I chatted a bit about the history project in an interview with Elizabeth Andersen for her radio show The Tenth Voice which aired yesterday. We also talked about my books and writing. The Project has also been added to the set of Resources links under Writing Characters with Different Sexual Orientations. Writing the Other offers a wide variety of resources, including links, articles, videos, and classes.
Faderman, Lillian. 1981. Surpassing the Love of Men. William Morrow and Company, Inc., New York. ISBN 0-688-00396-6
A detailed and extensive study of the phenomenon of “romantic friendship” in western culture (primarily England and the US).
II.A.1 The Asexual Woman
As we enter the 19th century, this chapter centers around the famous 1811 trial in which two schoolmistresses, Miss Woods and Miss Pirie, were accused by a student of lesbianism and successfully sued the student’s guardian, Dame Gordon, for libel. The focal point of the trial was the argument that proper English ladies simply were not capable of behavior of that sort, while the lawyers for Dame Gordon dug into history as far back as Lucian’s Dialogues of the Courtesans to demonstrate the existence of the behavior that the two women were accused of.
One feature of the trial arguments that Faderman touches on is how the possibility of sex between women was displaced onto “foreign” women. The student who made the accusation (Dame Gordon’s granddaughter) was the out-of-wedlock child of an Indian mother, and suggestions were made that she was able to fabricate such a charge because women in places like India were more sexual and lascivious and the child had learned about things like lesbianism there.
But the main feature was the argument that decent women would not have the sexual drive necessary for sexual activity to take place in the absence of a man. The judge opined that the crime of which Woods and Pirie were accused did not exist--was not possible. Paradoxically, the romantic devotion of the two women to each other was offered as part of the evidence for their good character and virtue.
Their reputations were also protected by the vehemence with which the legal establishment chose to disbelieve in the possibility of lesbian sex, arguing, “a woman being in bed with a woman cannot even give a probability to such an inference [of unnatural intentions]. It is the order of nature and of society in its present state. If a woman embraces a woman it infers nothing.” This was contrasted in the legal arguments with the acknowledgment that sex between men was not only possible but could reasonably be suspected if the men showed similar signs of affection.
This determined denial of possibilities is present in a French example, also of the early 19th century, where the writer Flora Tristan wrote to her friend Olympe that she wanted a woman to love her passionately. Olympe wrote Flora in turn that she made her “shiver with pleasure” and put her in ecstasy, and yet their writing appears to indicate that they did not consider these experiences to constitute sexual passion. Faderman concludes, “if a cosmopolitan Frenchwoman...could ignore her own sensations...we may be sure that the general public had no conception of the potentials of love between women.” [The problem with this conclusion, of course, is that it can be demonstrated to be false. One hesitates to keep returning endlessly to the example of Anne Lister, but she managed to find an entire diffuse community of women in rural Yorkshire who managed to have a “conception of the potentials of love between women.” Faderman is taking an official public myth and presenting it as a description of objective reality.]
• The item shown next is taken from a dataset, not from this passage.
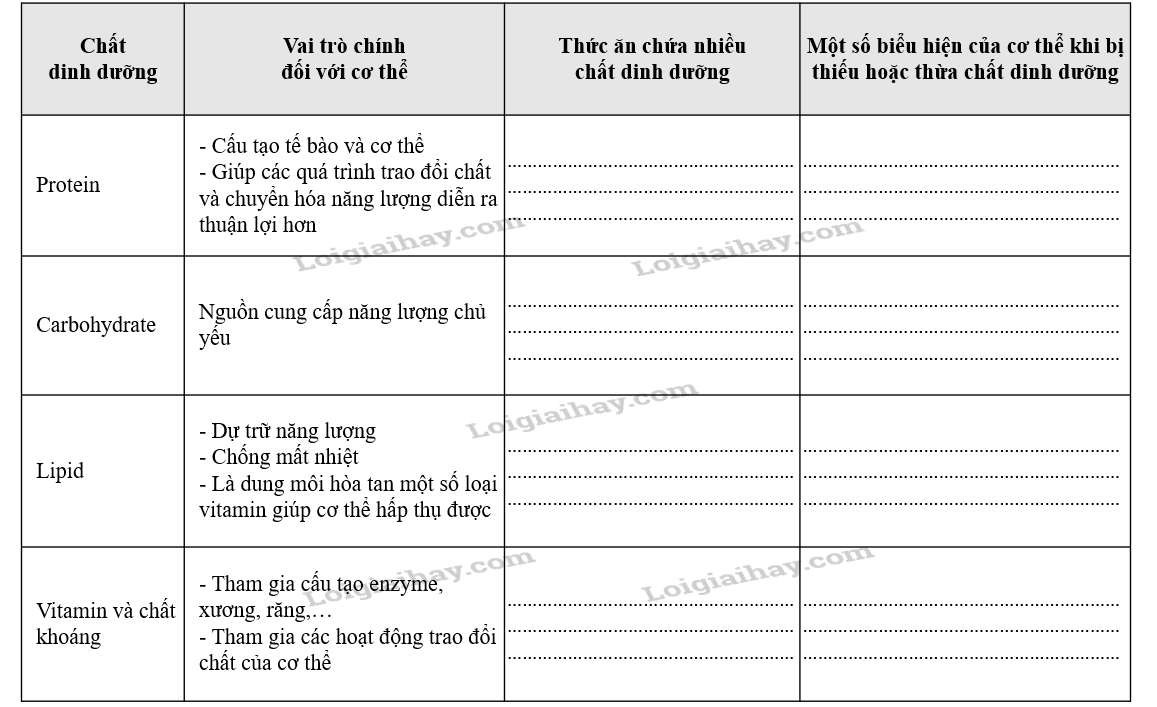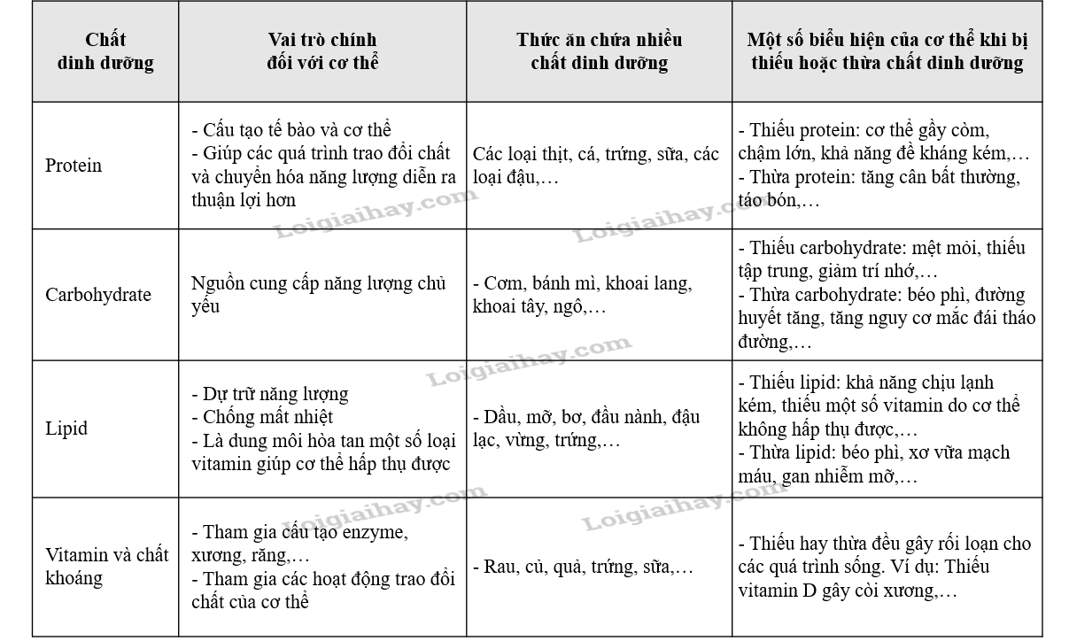 Nắm được vai trò của các chất dinh dưỡng và một số biểu hiện khi cơ thể bị thiếu/thừa chất dinh dưỡng.

At the end of this chapter, Faderman jumps to the very end of the 19th century and presents examples of a medicalized view of lesbian sex as “morbid” and due to mental perversion, as well as an example from a novel of two women in love falling asleep “in the silent ardor of deep blissful joy” in each other’s arms, after having rejected “the impure advances of sapphists.” These bookend examples are meant to show that the entire 19th century in England was one where “decent women” were functionally asexual, where they simply could not conceive of sexual activity being present in a loving relationship. [It might, perhaps, be a little more accurate to describe it that such women re-defined any erotic activities they enjoyed as not being sex, just as the judges in the Woods and Pirie case repeated the theory that sex cannot exist without a penis. But I think there’s an important distinction to be made between women in Romantic Friendships not labeling experiences as being erotic and those women not experiencing erotic desire.]